Each line of the material below is to be written out exactly. Leave out any picture.

#### MATERIAL FOR THIS TASK

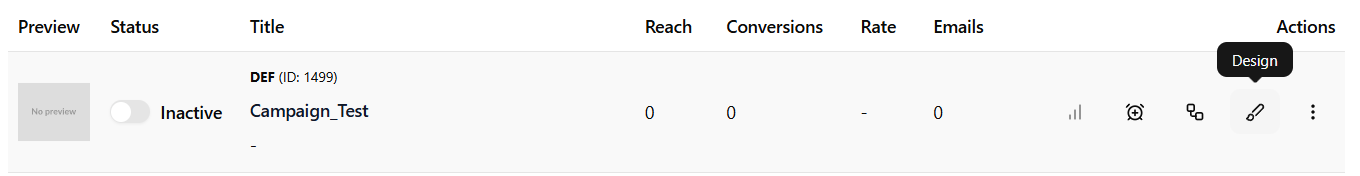 - Your campaign will now be displayed on the dashboard, ready for further configuration.
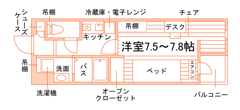 1R~1K/21.7m²~23.4m²/7.5帖~9.8帖
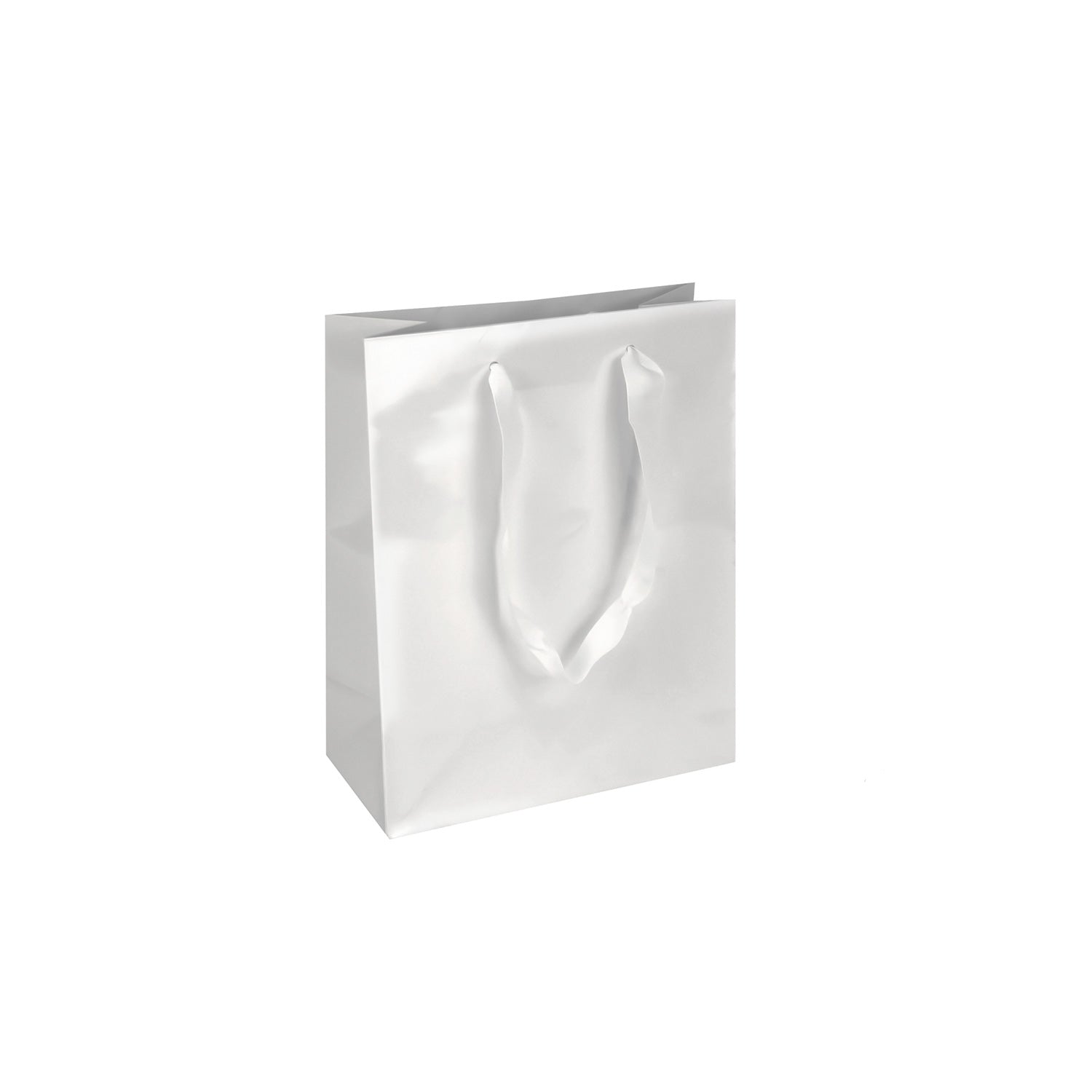 • Sleek, glossy laminated paper bags with satin ribbon handles—perfect for luxury retail and stylish gifting. Durable, chic, and reusable. Available in multiple colors and sizes.
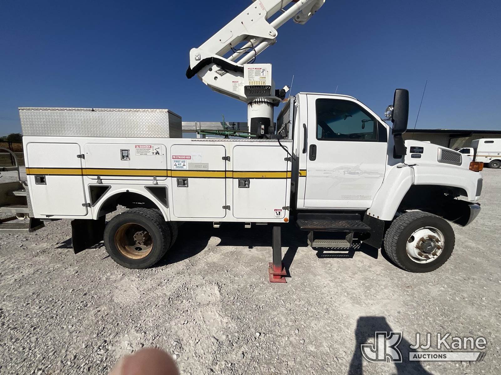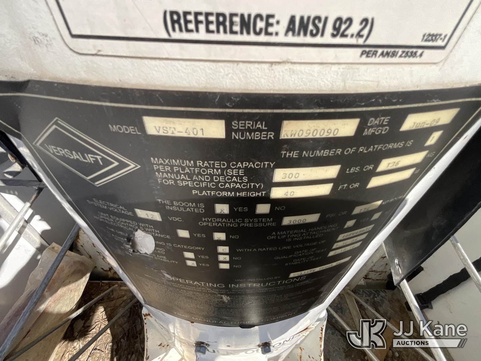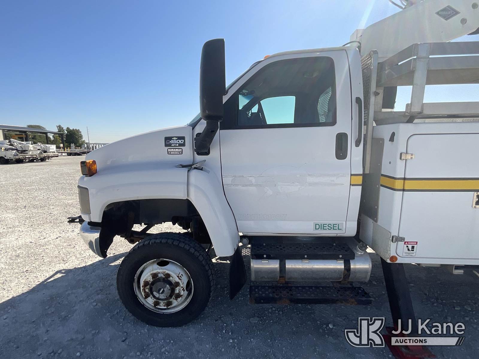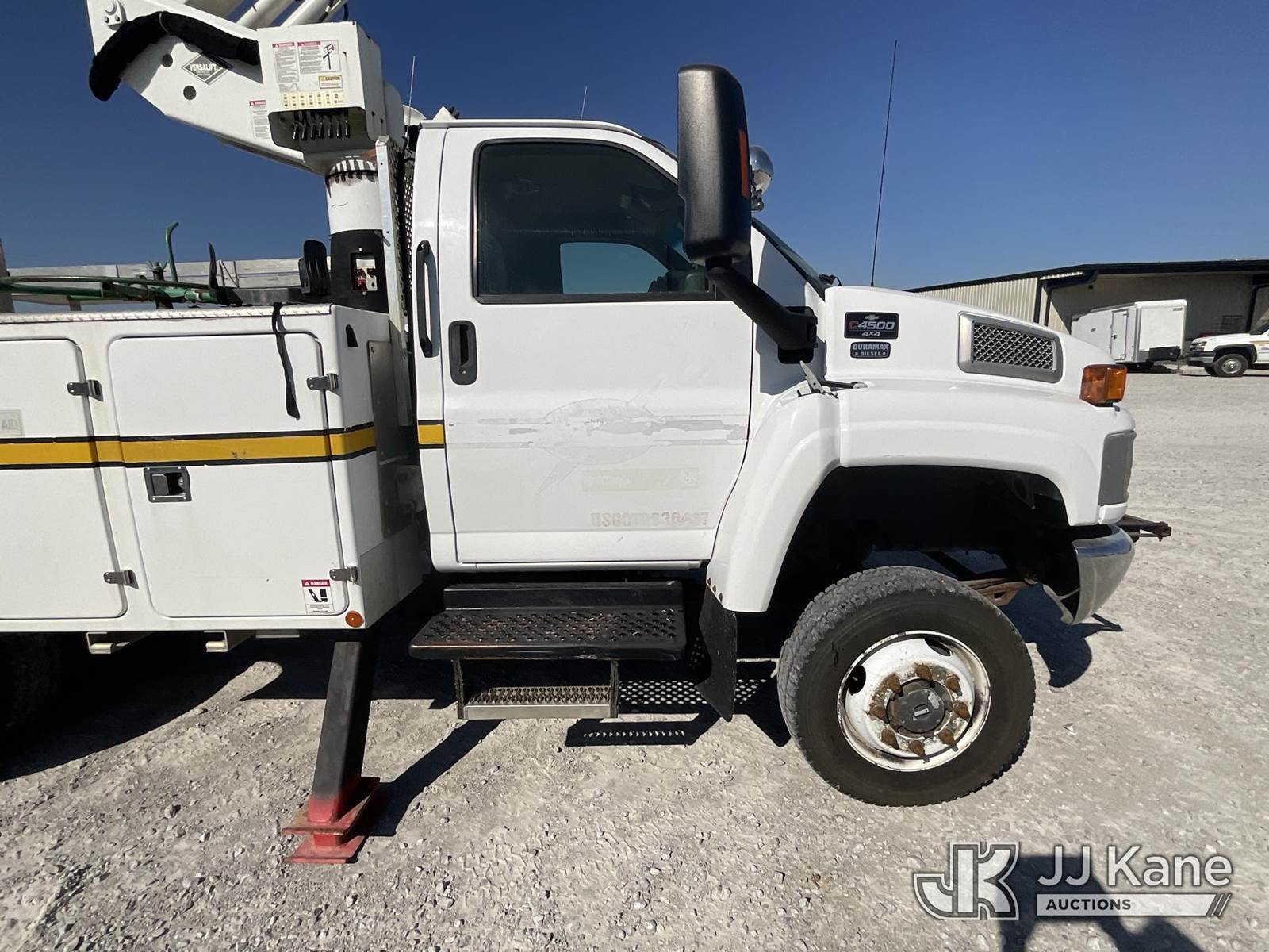 Versalift VST-40I, 45 ft, Articulating & Telescopic Material Handling Bucket Truck s/n KW090090, with single-man bucket & 2 hyd outriggers, mounted behind cab on 2009 Chevrolet C4500 Utility Truck, 6.6L V8 OHV 32V TURBO DIESEL Auto, 4X4, A/C, (239,567 miles) (Electric Cooperative Owned Unit) (Runs, Moves, Operates Per Video) This is a Titled Item NOTE: This unit is being sold AS IS/WHERE IS via Timed Auction and is located in Lancaster, OH. Call Ken at (419) 295-5233 with questions. (Missing manuals, See Auction Company for Manufacturers Information to obtain manuals) (Buyer is responsible for removal. Assistance by consignor or JJ Kane Auctioneers is not assured.)
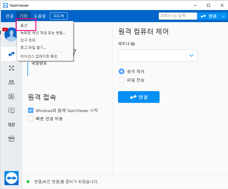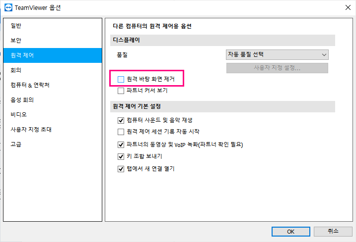 팀뷰어 실행 -> 옵션 -> 원격제어를 클릭합니다. 오른쪽 화면에 "원격바탕화면 제거" 체크하는 부분이 있는데 해당부분이 체크되어있는것을 해제하면 바탕화면이 활성화됩니다.
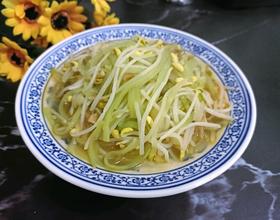 莴笋榨菜不需要长时间烧,所以黄豆芽需要提前烧一下至基本熟。
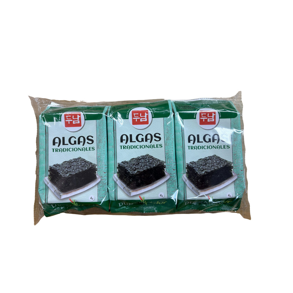 Pack 3 × 4 g – Algas tradicionales (alga nori) tostada – aperitivo saludable Dunam

########

RESPONSE:
 - Your campaign will now be displayed on the dashboard, ready for further configuration.
 1R~1K/21.7m²~23.4m²/7.5帖~9.8帖
 • Sleek, glossy laminated paper bags with satin ribbon handles—perfect for luxury retail and stylish gifting. Durable, chic, and reusable. Available in multiple colors and sizes.
 Versalift VST-40I, 45 ft, Articulating & Telescopic Material Handling Bucket Truck s/n KW090090, with single-man bucket & 2 hyd outriggers, mounted behind cab on 2009 Chevrolet C4500 Utility Truck, 6.6L V8 OHV 32V TURBO DIESEL Auto, 4X4, A/C, (239,567 miles) (Electric Cooperative Owned Unit) (Runs, Moves, Operates Per Video) This is a Titled Item NOTE: This unit is being sold AS IS/WHERE IS via Timed Auction and is located in Lancaster, OH. Call Ken at (419) 295-5233 with questions. (Missing manuals, See Auction Company for Manufacturers Information to obtain manuals) (Buyer is responsible for removal. Assistance by consignor or JJ Kane Auctioneers is not assured.)
 팀뷰어 실행 -> 옵션 -> 원격제어를 클릭합니다. 오른쪽 화면에 "원격바탕화면 제거" 체크하는 부분이 있는데 해당부분이 체크되어있는것을 해제하면 바탕화면이 활성화됩니다.
 莴笋榨菜不需要长时间烧,所以黄豆芽需要提前烧一下至基本熟。
 Pack 3 × 4 g – Algas tradicionales (alga nori) tostada – aperitivo saludable Dunam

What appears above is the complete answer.